On sait que bien que le
café réduise la sensibilité à l'insuline certains composants du café comme les
acides chlorogéniques et le magnésium peuvent avoir des effets bénéfiques. Une
récente étude aux Pays-Bas (3) a montré que des sujets masculins buvant sept
tasses de café par jour réduisaient de 50% les probabilités de développer un
diabète par rapport à ceux qui n'en buvaient que deux tasses par jour. Des
études publiées cette année ont donné des conclusions similaires. Une étude à
long terme (12-18 ans) aux États-Unis (4) a montré que, par rapport aux
personnes ne buvant pas de café, les sujets masculins buvant plus de six tasses
de café par jour réduisaient de moitié environ le risque de développer un
diabète de type II, et les sujets féminins de près de 30%. Les effets étaient
également sensibles chez les personnes buvant du café décaféiné, mais néanmoins
plus modestes : réduction des risques de 25% pour les sujets masculins et de
15% pour les sujets féminins.
Des résultats similaires
ont été obtenus dans une étude importante en Finlande (5) qui a porté sur plus
de 14 000 personnes. La Finlande connaissant la consommation de café par
habitant la plus importante du monde, il a été possible de déterminer le risque
de développement du diabète à des niveaux élevés de consommation. Dans cette
étude, les gros buveurs de café, à savoir ceux consommant 10 tasses ou plus par
jour, étaient les moins susceptibles de développer la maladie. Cette
consommation élevée réduisait le risque de 79% pour les sujets féminins et de
55% pour les sujets masculins.
Les résultats étaient
également encourageants pour les personnes buvant des quantités moindres –
trois ou quatre tasses par jour : le risque de diabète était réduit de 29% pour
les sujets féminins et de 27% pour les sujets masculins.
Le mécanisme ou
processus selon lequel le café exerce son effet bénéfique n'est pas clair.
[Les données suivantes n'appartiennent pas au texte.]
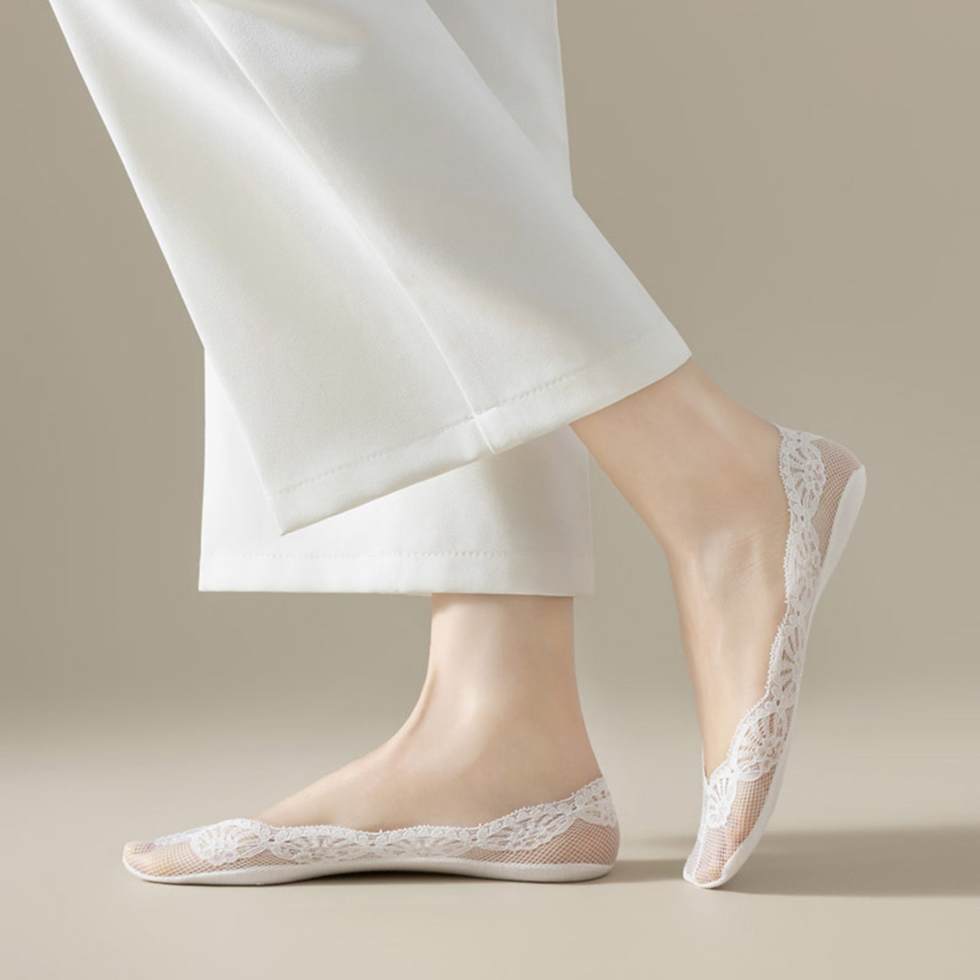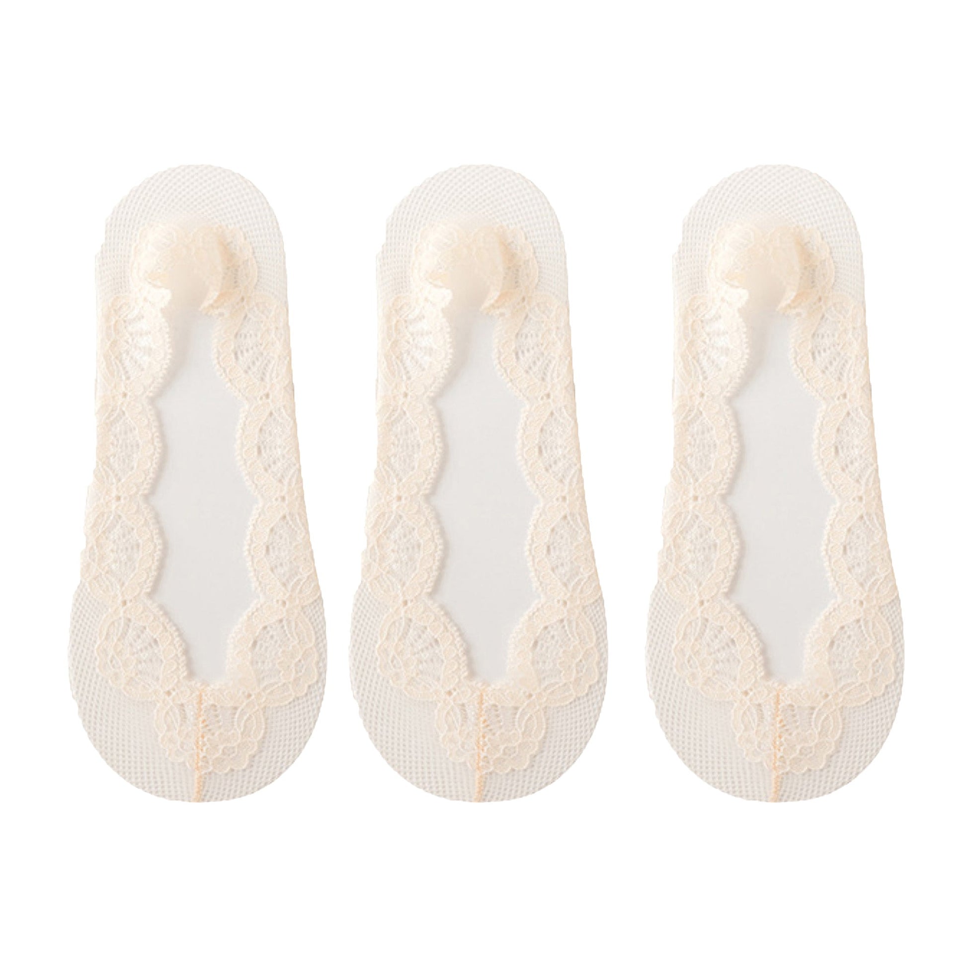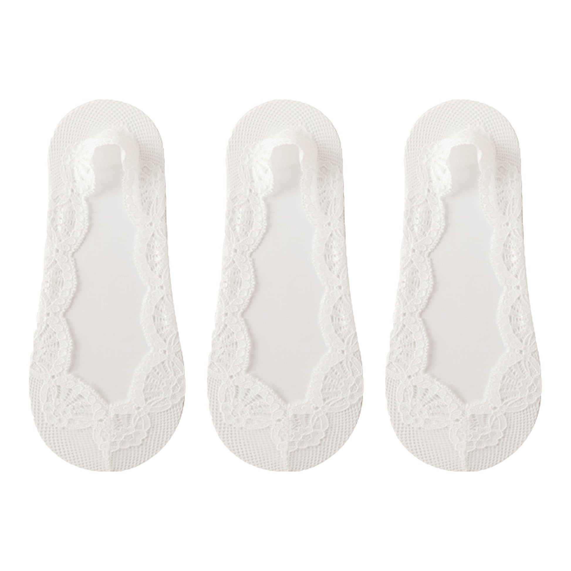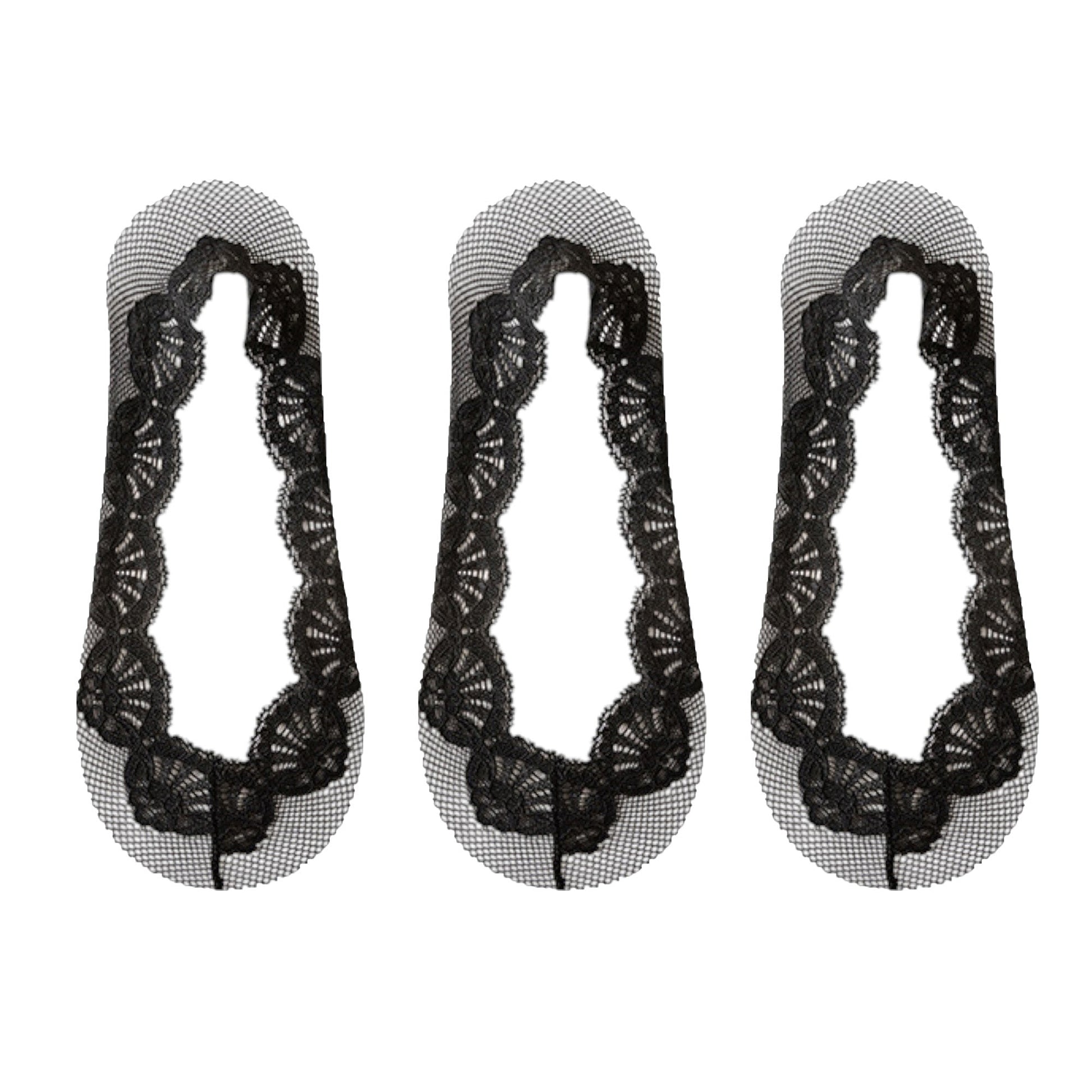 Anna-Kaci Women's 3-Pack Low Cut Lace Liner Socks with Non-Slip Heel Grip No Show Design

Le
café est un composé complexe et sa composition est altérée par de nombreux
facteurs dont la torréfaction, le mélange et la préparation. On estime que la
caféine joue un rôle significatif mais le café est également une source
importante d'acides chlorogéniques qui ont des propriétés antioxydantes.
On pense que les acides
chlorogéniques inhibent une enzyme active dans la formation du glucose dans
l'intestin grêle (6,7), et l'inhibition de cette enzyme est une méthode
couramment utilisée pour lutter contre les taux élevés de glucose dans le sang
ou hyperglycémie. Une hyperglycémie prolongée entraîne des complications graves
de la maladie. La caféine et un autre élément du café, la théophylline, sont
également des stimulants puissants des cellules du pancréas, organe qui produit
l'insuline (8). Le diabète de type II apparaît lorsque les cellules
musculaires, hépatiques et adipeuses ne font pas une bonne utilisation de
l'insuline.
En définitive, le
pancréas ne peut plus produire assez d'insuline pour répondre aux besoins de
l'organisme, affectant ainsi la capacité de ce dernier à emmagasiner l'énergie
des aliments.
CONCLUSION
Il existe des preuves significatives pour indiquer que la consommation de café peut réduire sensiblement le risque d'apparition du diabète de type II mais des recherches supplémentaires sont nécessaires pour évaluer le rôle exact du café dans ce processus et mieux connaître les effets bénéfiques de ses composants clés. Toutefois, les premiers indices donnent à penser que le café pourra être inclus dans les recommandations diététiques d'un programme de prévention du diabète de type II.